Schwestern und Pfleger, Ärzte und Pastoren haben es nicht nur zugelassen, sondern aktiv daran mitgewirkt, dass die ihnen anvertrauten Schützlinge wie Vieh verladen und in Arbeits- und Vernichtungslager abtransportiert wurden. Auch hier zuerst die Juden, dann aber auch all die anderen. Und das in einer Einrichtung, deren Gründungsgeist Heinrich Sengelmann mit seinem berühmten Zitat beschrieben hatte: „Wir haben es nicht mit ‚Fällen‘ zu thun, sondern mit Mitmenschen, in denen auch eine Seele wohnt, wenn auch eine verhüllte.“ Zwei Generationen später gaben seine Nachfolger ihren Schützlingen auf dem Weg in die Vernichtungslager ein Schreiben mit, dessen letzter Satz lautete: „Wir bitten bei einem eventuellen Ableben des Patienten um Zusendung des Gehirns für unsere Sammlung.“
Das Herz stolpert – was für ein Abgrund! Und so kann ich nur erschüttert davor stehen und bitten: Möge die Betroffenen und ihre Angehörigen, möge die Welt und möge Gott es seiner Kirche verzeihen, dass sie in entscheidender Stunde so dermaßen versagt hat.

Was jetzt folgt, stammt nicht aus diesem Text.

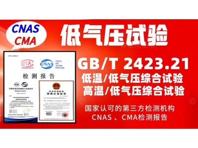 北京儀綜所環境可靠性試驗及電磁兼容檢測中心,提供專用設備的高原低氣壓試驗,是北京地區大型的綜合性的檢測機構,具備CNAS和CMA資質。出具CMA,CNAS報告,檢測周期短,數據準確,更多低氣壓試驗:

Dass sie nicht klarer Christus bekannt und deutlicher widerstanden und inniger gegen diese Menschenverachtung angeliebt hat. Lasst uns nicht aufhören, daran zu erinnern, wozu der Mensch fähig ist. Denn das menschliche Gedächtnis ist kurz. Jede Gesellschaft neigt dazu, die Schwachen entweder durch aktives Handeln oder durch gleichgültiges Zuschauen auszugrenzen, – und wir als Kirche müssen klar und deutlich und immer wieder für sie eintreten. Manchmal vielleicht einfach dadurch, dass wir die Bibel ganz wörtlich nehmen. Zum Beispiel mit einem Lieblingswort von Heinrich Sengelmann: „Tu deinen Mund auf für die Stummen und für die Sache aller, die verlassen sind.“ Das ist keine Frage mehr, sondern Antwort der Zukunft – und dem zu folgen, dazu helfe uns Gott.